Up to now, hospitals have had wide latitude in applying facility fees. Since April 2000, Medicare has relied on about 4,000 hospitals nationwide to set their own guidelines for picking billing codes that most “reasonably relate” to the intensity of emergency department resources used in treating a patient.
Experts disagree about the appropriateness of recent billing trends and the financial implications of the proposed CMS change in ED facilities fee billing policy.
Jugna Shah, a hospital outpatient billing expert who is president of Washington-based Nimitt Consulting, said CMS officials in recent years haven't given any hint that they believe some hospitals game Medicare. “It caught me off guard,” she said of the proposed rule. The CMS could be searching for a “quick fix” to the controversy over alleged upcoding, she added.
Along the same lines, the American College of Emergency Physicians advised its members that the CMS “might be reacting to the media attention and speculation” about upcoding, noting the “harsh reprimand” from Holder and Sebelius.

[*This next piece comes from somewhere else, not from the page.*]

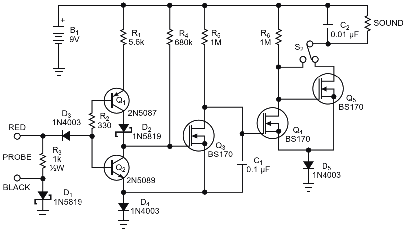 This simple continuity tester is switch-selectable to sound on either shorts or opens. It prevents a user from accidentally connecting it across live circuits
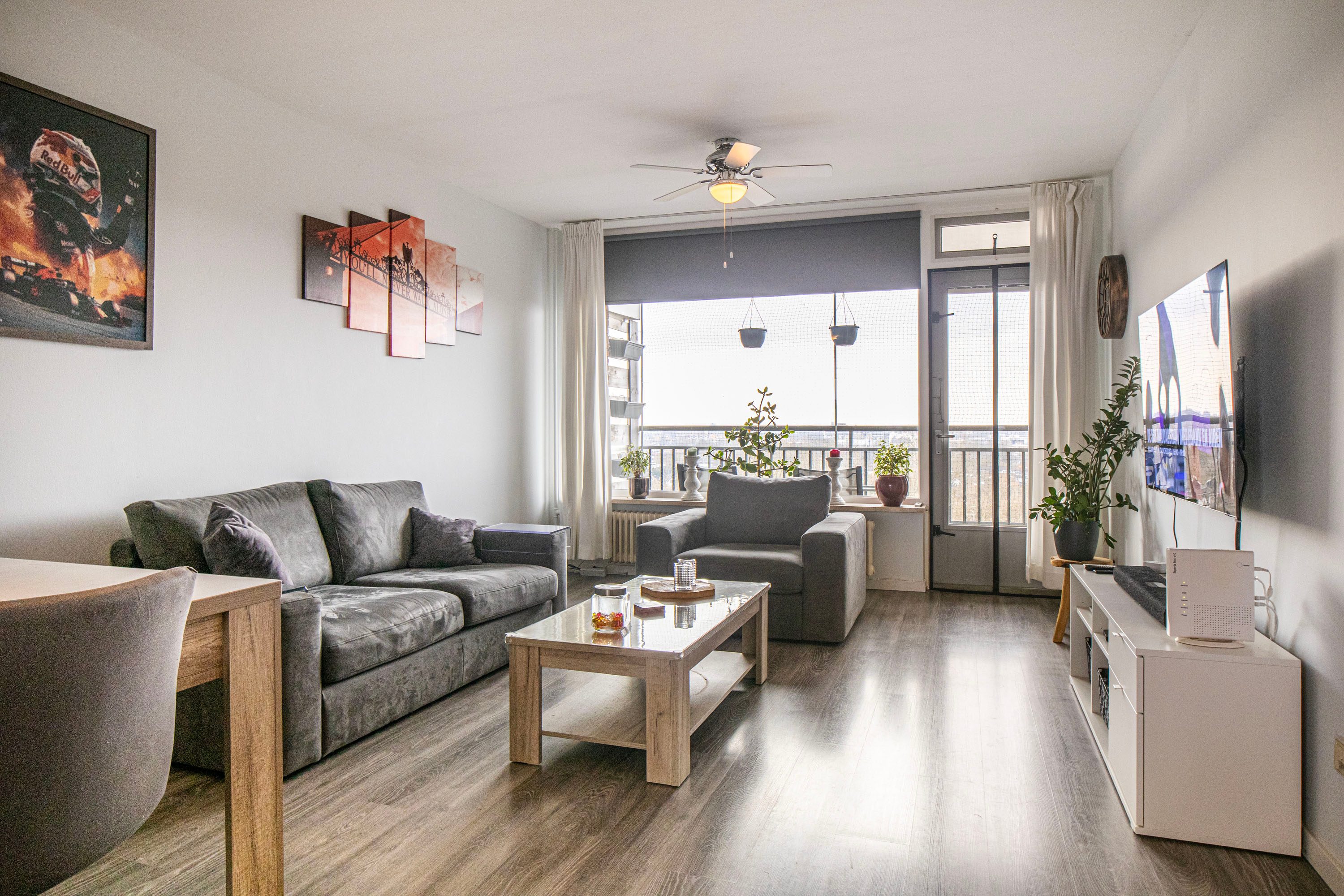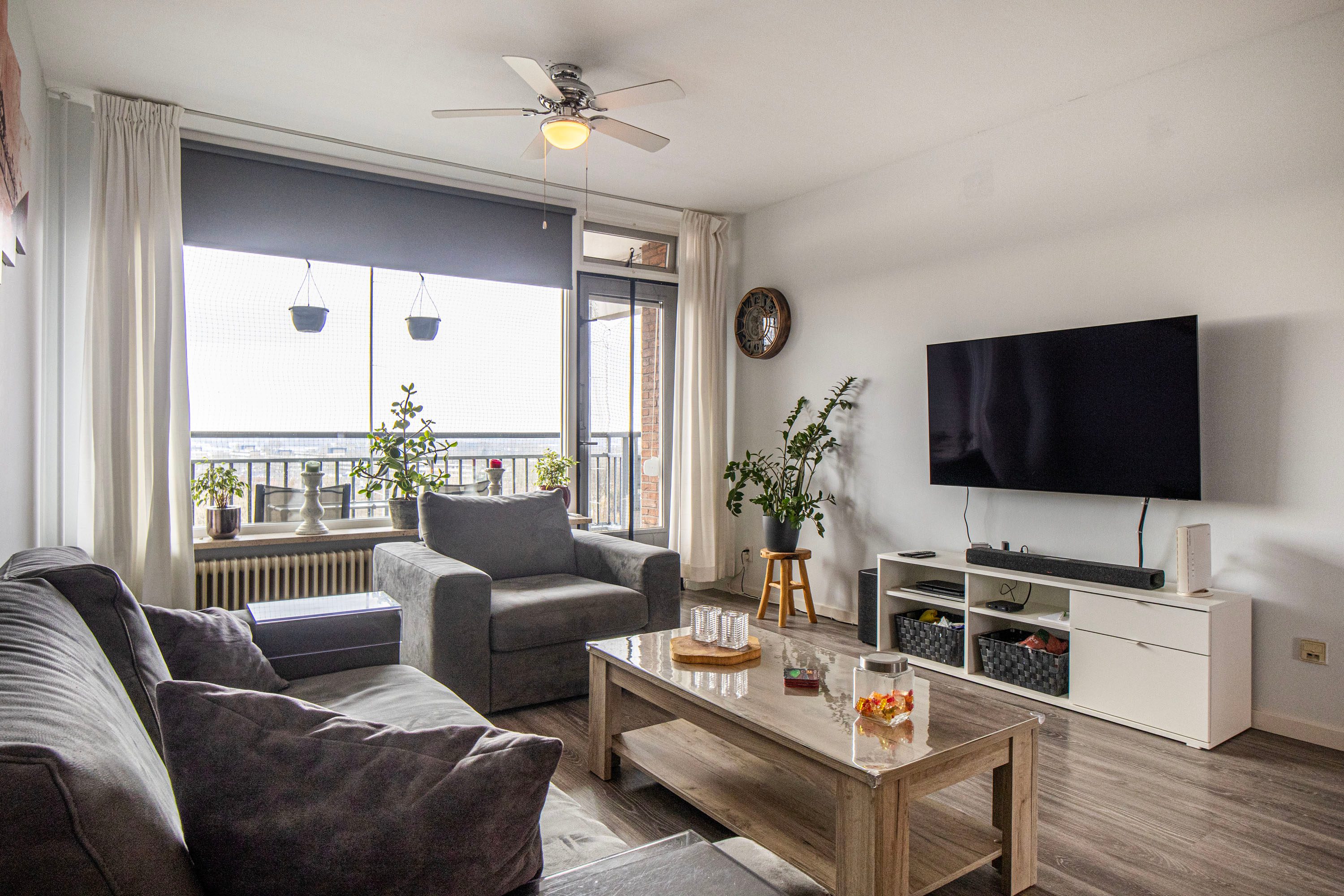 De woonkamer biedt voldoende ruimte voor een comfortabele zithoek en een gezellige eethoek. Vanuit hier heb je direct toegang tot het balkon op het zuiden.

Medicare officials generally expect hospitals and other medical professionals to bill a range of the five codes because some patients require more effort than others. In an emergency department, for instance, someone arriving with a mild leg sprain would likely necessitate a lower code than someone suffering an apparent heart attack.
But the Center for Public Integrity's analysis of Medicare billing data showed that emergency department facility coding shot up at many hospitals over the past decade, in some cases faster than other evaluation and management billings. Between 2001 and the end of 2008, use of the two most expensive codes nearly doubled, from 25% to 45% of all claims. Many of these patients were treated for seemingly minor injuries and complaints and sent home without being admitted to the hospital.
The recent draft rule contains a number of other changes. For instance, the CMS proposes to create a flat rate for hospital clinic visits, and make many other billing changes as well. The CMS now allows from $56.77 to $128.48 for clinic visit facility fees and wants to replace that with a flat charge of $88.31.